The pictures in the listing below are to be skipped, while the lines between the line holding "Contains illustrations of" and the line holding "Nẹp la inox", inclusive, are to be output exactly.

# [LISTED ENTRIES]

────────

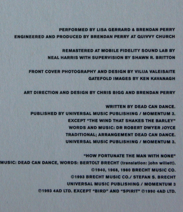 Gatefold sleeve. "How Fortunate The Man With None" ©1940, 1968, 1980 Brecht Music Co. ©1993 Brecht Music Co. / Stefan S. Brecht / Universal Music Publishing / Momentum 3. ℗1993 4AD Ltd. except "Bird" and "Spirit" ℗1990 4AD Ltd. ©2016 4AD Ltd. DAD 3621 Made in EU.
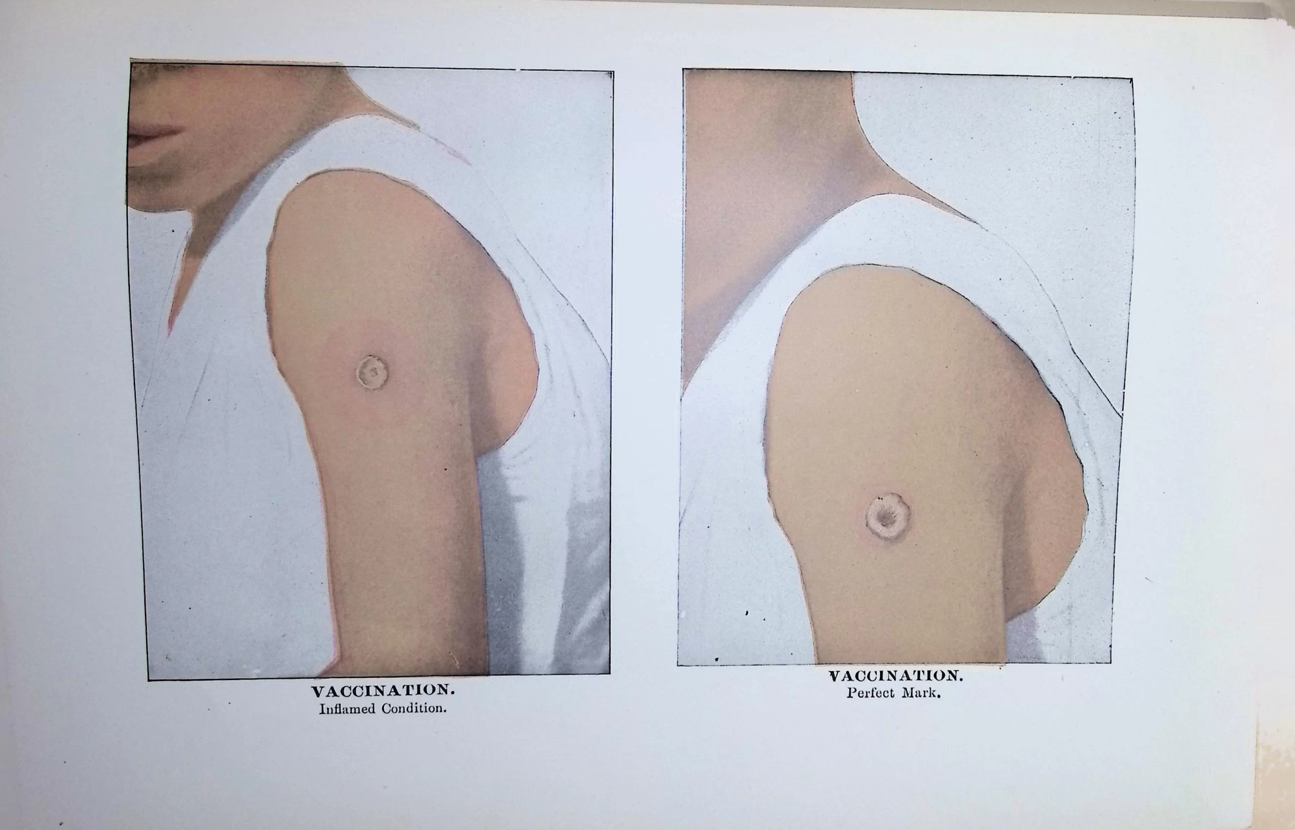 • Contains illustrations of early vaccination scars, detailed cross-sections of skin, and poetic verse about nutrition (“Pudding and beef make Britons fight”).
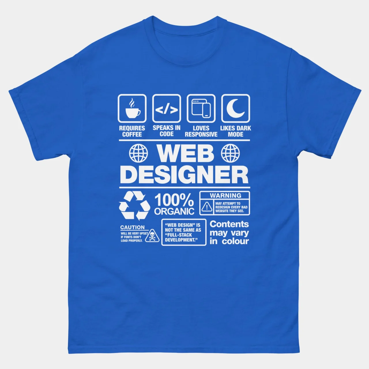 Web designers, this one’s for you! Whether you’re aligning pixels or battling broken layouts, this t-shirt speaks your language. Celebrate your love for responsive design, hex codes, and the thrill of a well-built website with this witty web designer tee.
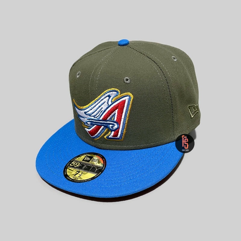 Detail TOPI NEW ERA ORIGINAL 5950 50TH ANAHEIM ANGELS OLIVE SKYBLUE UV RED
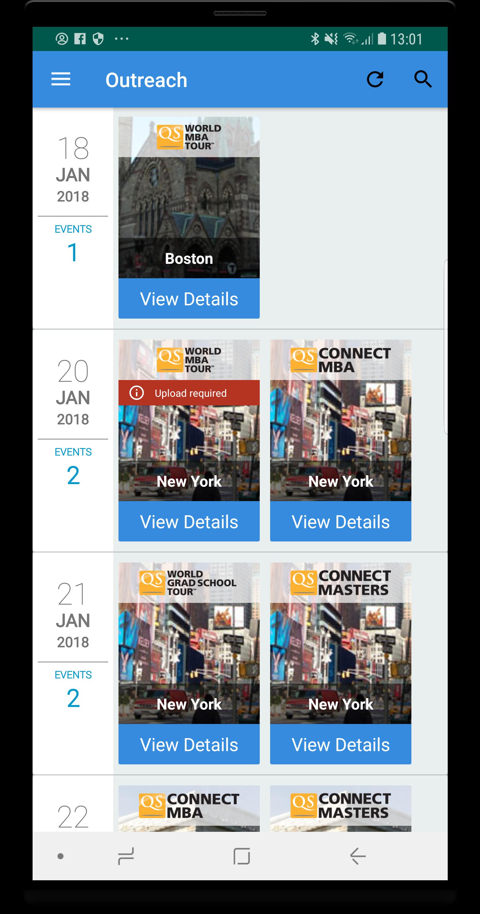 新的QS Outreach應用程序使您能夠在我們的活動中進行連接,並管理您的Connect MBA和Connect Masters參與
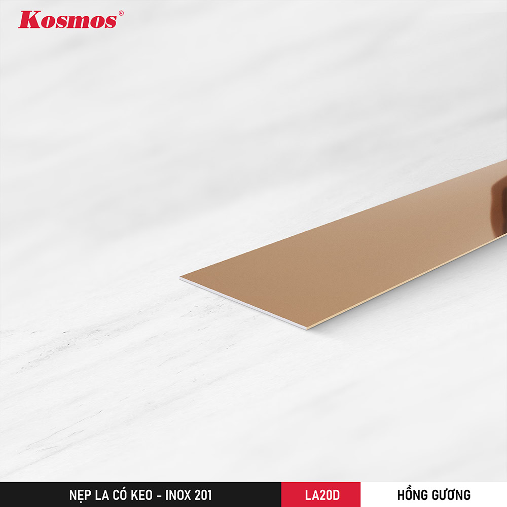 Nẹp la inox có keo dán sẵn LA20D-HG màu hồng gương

────────

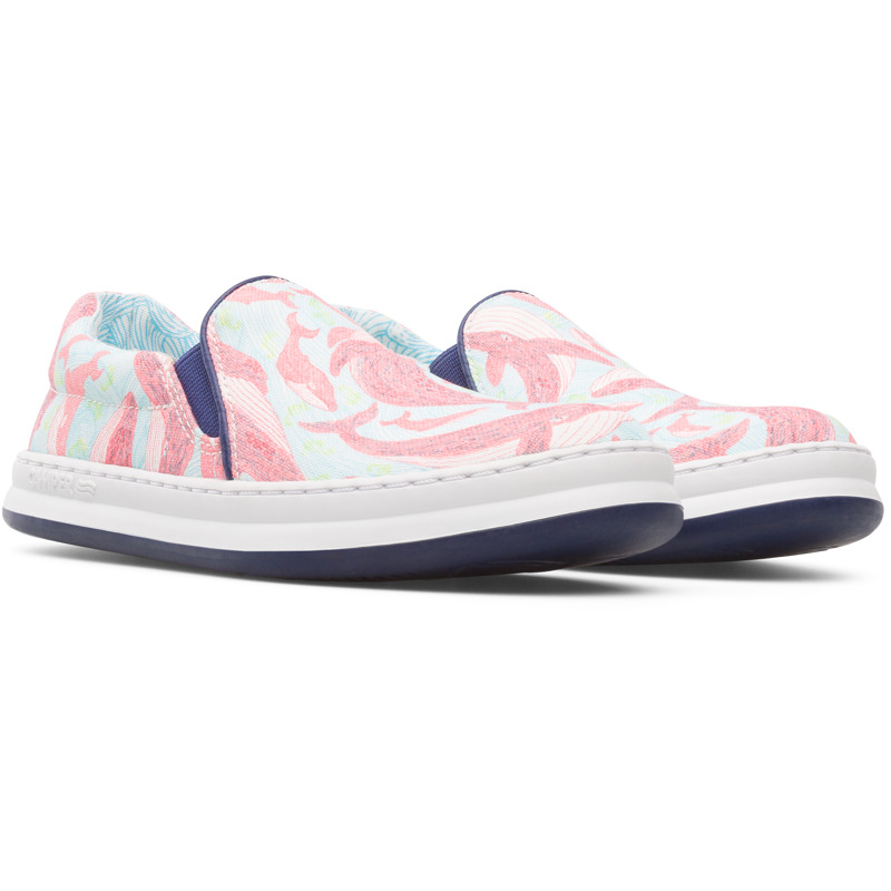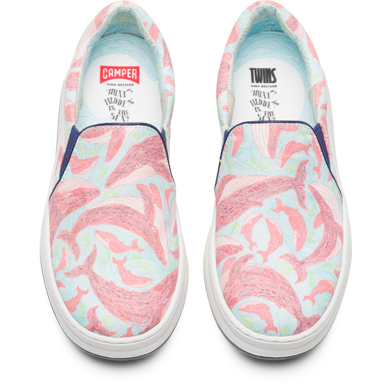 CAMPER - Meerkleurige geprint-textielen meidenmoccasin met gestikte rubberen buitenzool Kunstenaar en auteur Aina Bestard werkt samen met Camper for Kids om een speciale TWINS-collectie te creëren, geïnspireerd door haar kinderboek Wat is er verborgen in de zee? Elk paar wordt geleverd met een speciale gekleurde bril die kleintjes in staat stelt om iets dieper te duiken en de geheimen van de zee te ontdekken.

────────

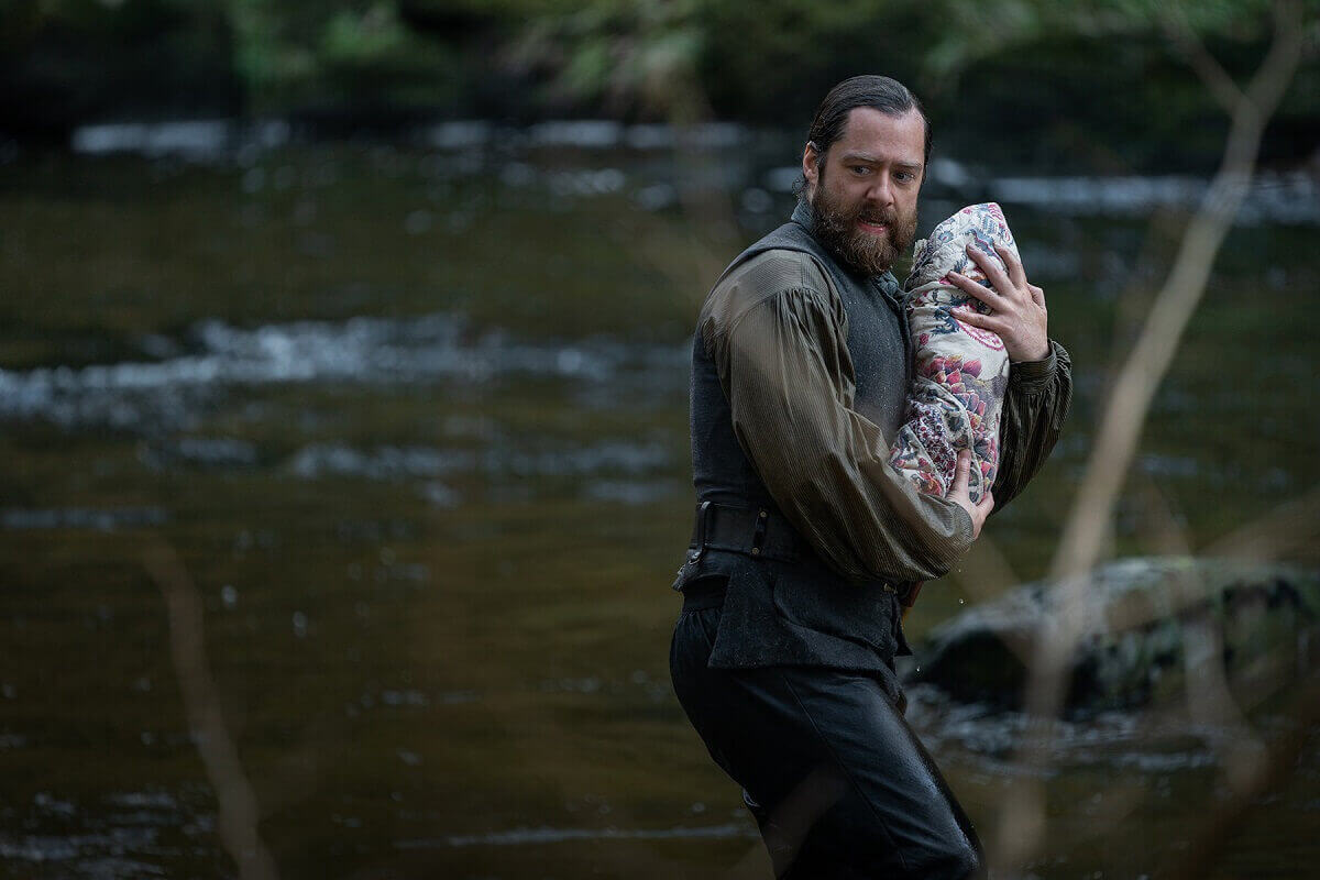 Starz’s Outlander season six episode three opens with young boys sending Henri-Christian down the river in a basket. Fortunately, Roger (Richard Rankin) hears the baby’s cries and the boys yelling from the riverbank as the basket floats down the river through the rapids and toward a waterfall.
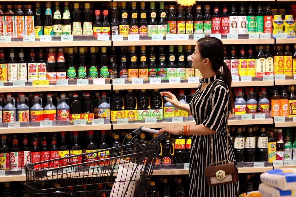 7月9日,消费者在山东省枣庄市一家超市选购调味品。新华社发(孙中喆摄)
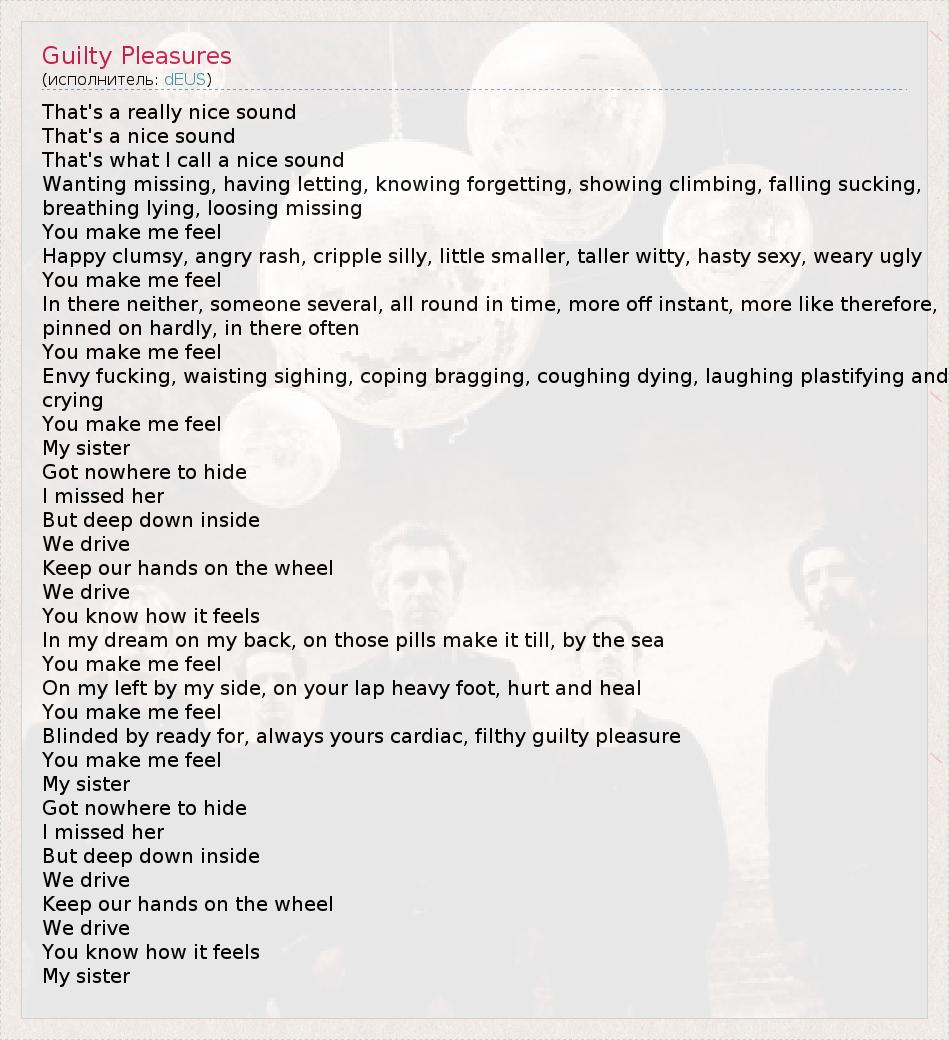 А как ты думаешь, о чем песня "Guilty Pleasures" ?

────────

# [TASK OUTPUT]
 • Contains illustrations of early vaccination scars, detailed cross-sections of skin, and poetic verse about nutrition (“Pudding and beef make Britons fight”).
 Web designers, this one’s for you! Whether you’re aligning pixels or battling broken layouts, this t-shirt speaks your language. Celebrate your love for responsive design, hex codes, and the thrill of a well-built website with this witty web designer tee.
 Detail TOPI NEW ERA ORIGINAL 5950 50TH ANAHEIM ANGELS OLIVE SKYBLUE UV RED
 新的QS Outreach應用程序使您能夠在我們的活動中進行連接,並管理您的Connect MBA和Connect Masters參與
 Nẹp la inox có keo dán sẵn LA20D-HG màu hồng gương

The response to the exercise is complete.